Finale Bir Adım Kala
Ankara’daki ikinci maçı da kazanıp yolun üçte ikisini geçtik. Pazar günü İstanbul’da da kazanıp seriyi bitirip Efes’i beklemeye başlayacağız büyük ihtimalle. Dün Telekom’un maçın başında biraz daha hırslı falan olacağını düşünüyordum ama ilk yarı gayet sıradan bir lig maçıymış havasında oynadılar.

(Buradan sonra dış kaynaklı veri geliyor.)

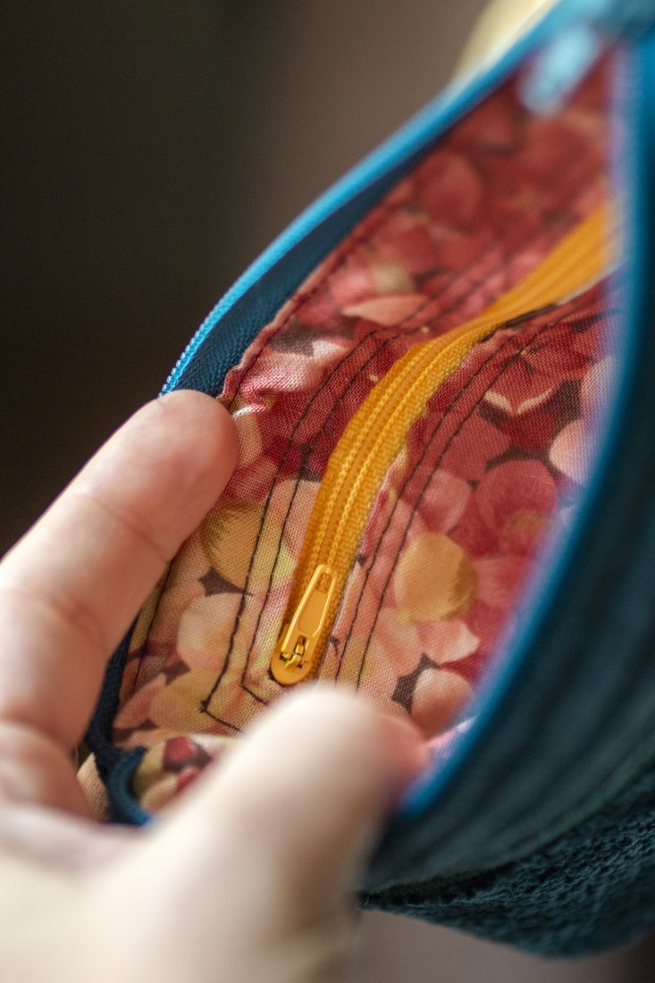 Idealny na karty płatnicze oraz pieniądze. Zapinany na suwak, z przodu kieszonka na drobne, w środku bawełniana podszewka i kieszonka na suwak.

Maçın başından itibaren oyunun kontrolü bizdeydi bazen müthiş hücumlar yaptık 7-8 pasla bomboş oyuncudan bulduğumuz üçlükler, uzundan uzuna pas yaparak bulduğumuz sayılar takımın hücum akışkanlığının artık çok iyi noktaya geldiğini gösteriyor. Tanjeviç’in en çok eleştiri aldığı yerlerden bir tanesi hücumda hareketsizlikti milli takımda özellikle. Dün ilk yarıdaki hücum setlerinde oyuncuların sürekli olarak hareket etmesi şiir gibi hücumları beraberinde getirdi. El Amin ve Bajramoviç de gününde olmayınca rahat bir ilk yarı götürdük.

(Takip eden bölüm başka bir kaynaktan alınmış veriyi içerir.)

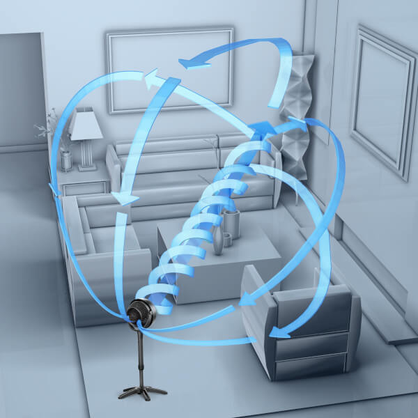 Die Modellreihe 633 ist ideal geeignet für mittel bis sehr große Räume. Die Luft wird bis zu einer Entfernung von 23 Metern zirkuliert.
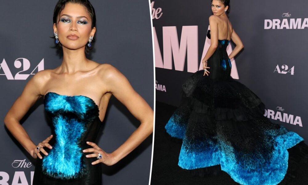 And the bride wore something blue. Zendaya arrived at the New York City premiere of “The Drama” on Thursday night in a strapless black and blue...

İkinci yarılara klasik olarak kötü başlıyoruz üçüncü periyot sendromu neredeyse iki senedir süren bir hastalık . Tanjeviç’in üçüncü çeyrekte 14 sayılardan maçın başa baş hale gelmesini izlemesi ve mola almaması anlaşılır bir şey değil. Nba’de de bazı koçlar bu tür anlarda takımın kendi kendini toparlayabilmesi, karakter göstermesi için mola almama yoluna gidiyorlar ama burası play-off ve burada bunu riske edemezsiniz.Mola da kendi takımına hiçbir şey söylemese bile rakip takımın ritminin bozulmasını sağlama açısından mola alınması gerekirdi.Üçüncü periyotta özellikle Ömer Aşık’ın savunmada gereken sertliği gösterememesi dikkat çekici. Hücum ribauntları ve basket faulleriyle Ömer takıma katkı yaptı ama savunma direnci sakatlık öncesi haliye karşılaştırırsak kesinlikle çok geride. Dünkü maçta çok rahat blok yapabileceği durumlarda bile geri adım attı. Sakatlığın verdiği psikolojik çekinme duygusundan bir an önce kurtulması gerek. Dün maçın 14 sayılardan geri gelmesinin bir nedeni de aslında Serkan’a yapamadığımız savunma. Bu durumlarda takım Ömer Onan’ı çok arıyor. Green’e karşı çok uzun, Preldziç’e karşı çok hızlı kaldığı için Serkan bu miss-match leri iyi kullandı. O anlarda Serkan’ı Devin Smtih’e ya da Solomon’a vermek daha doğru olurdu. Son periyot winner oyuncu avantajıyla maçı çevirmeyi bildik Mirsad’ın attığı iki ekstra üçlükle kopardık maçı.İlk maça göre maçın sonunu daha akıllı oynadık. Penetre etmeyi unuttuğumuz anlarda hücumda krize giriyoruz. Green ‘in penetre yeteneği sınırlı Solomon’un olmadığı dönemde eğer oyunda Emir de yoksa içeriye drive edebilen oyuncumuz kalmıyor,rotasyonda Emir ile Solomon’un aynı anda kenarda olmaması bu açıdan çok önemli. Telekom maçlarını izlerken maçın sonucundan ziyade Efes’e karşı ne yapacağımızı kestirmeye çalışarak da izliyorum. Özellikle uzunlarımız kesinlikle daha agresif olmalı. Pazar günü İstanbul’da maça iyi başlayıp bir an önce 15 lere çıkartırsak farkı ,Telekom maçı bırakacaktır. Farklı bir skorla kazanacağımızı düşünüyorum üçüncü maçı da.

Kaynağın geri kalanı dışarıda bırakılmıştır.